> Data below
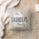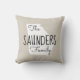 Modern farmhouse throw pillow personalized with your family name inside your state map. Faux burlap canvas texture background (please note pillow covers are not made of burlap material). Click the Customize It button to add your own text and select from all of our pillow styles to create your own unique one of a kind design!
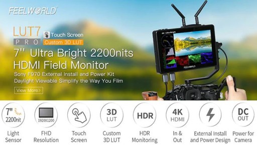 LUT7 PRO marki FEELWORLD to idealny monitor podglądowy do mocowania na aparatach bezlusterkowych i cyfrowych lustrzankach. Ponieważ LUT7 PRO zapewnia pomocnicze wyjście zasilania (DC 8 V); umożliwiając fotografom zasilanie aparatów. Z kablem zasilającym akumulator (opcjonalny), LUT7 PRO wydłuża czas pracy aparatu, zapewniając jednocześnie bardziej użyteczny wyświetlacz.
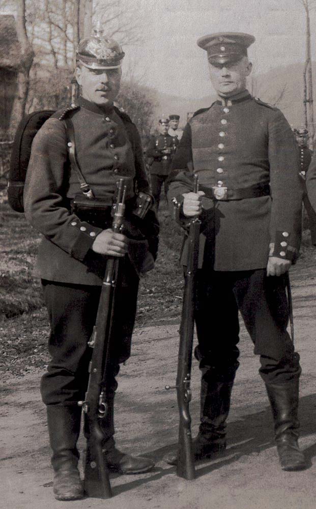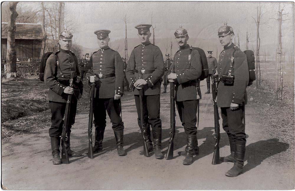83er, vom Fotografen schön "auf Lücke" gestellt, im April 1911 mit SG98 lang und Gewehr 98 mit "Lange-Visier"
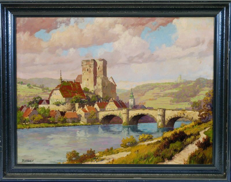 E Urbach ( 1872 - 1927 ) was a German painter. E Urbach s works have been auctioned off multiple times, with realized prices varying according to the size and medium of the artwork, for instance of 82.12 USD for lick über einen Fluss mit Steinbrücke auf ein Städtchen mit Burganlage in 2012

> What is required
Please write out all the data word for word, but keep every picture out.

> The answer
 Modern farmhouse throw pillow personalized with your family name inside your state map. Faux burlap canvas texture background (please note pillow covers are not made of burlap material). Click the Customize It button to add your own text and select from all of our pillow styles to create your own unique one of a kind design!
 LUT7 PRO marki FEELWORLD to idealny monitor podglądowy do mocowania na aparatach bezlusterkowych i cyfrowych lustrzankach. Ponieważ LUT7 PRO zapewnia pomocnicze wyjście zasilania (DC 8 V); umożliwiając fotografom zasilanie aparatów. Z kablem zasilającym akumulator (opcjonalny), LUT7 PRO wydłuża czas pracy aparatu, zapewniając jednocześnie bardziej użyteczny wyświetlacz.
83er, vom Fotografen schön "auf Lücke" gestellt, im April 1911 mit SG98 lang und Gewehr 98 mit "Lange-Visier"
 E Urbach ( 1872 - 1927 ) was a German painter. E Urbach s works have been auctioned off multiple times, with realized prices varying according to the size and medium of the artwork, for instance of 82.12 USD for lick über einen Fluss mit Steinbrücke auf ein Städtchen mit Burganlage in 2012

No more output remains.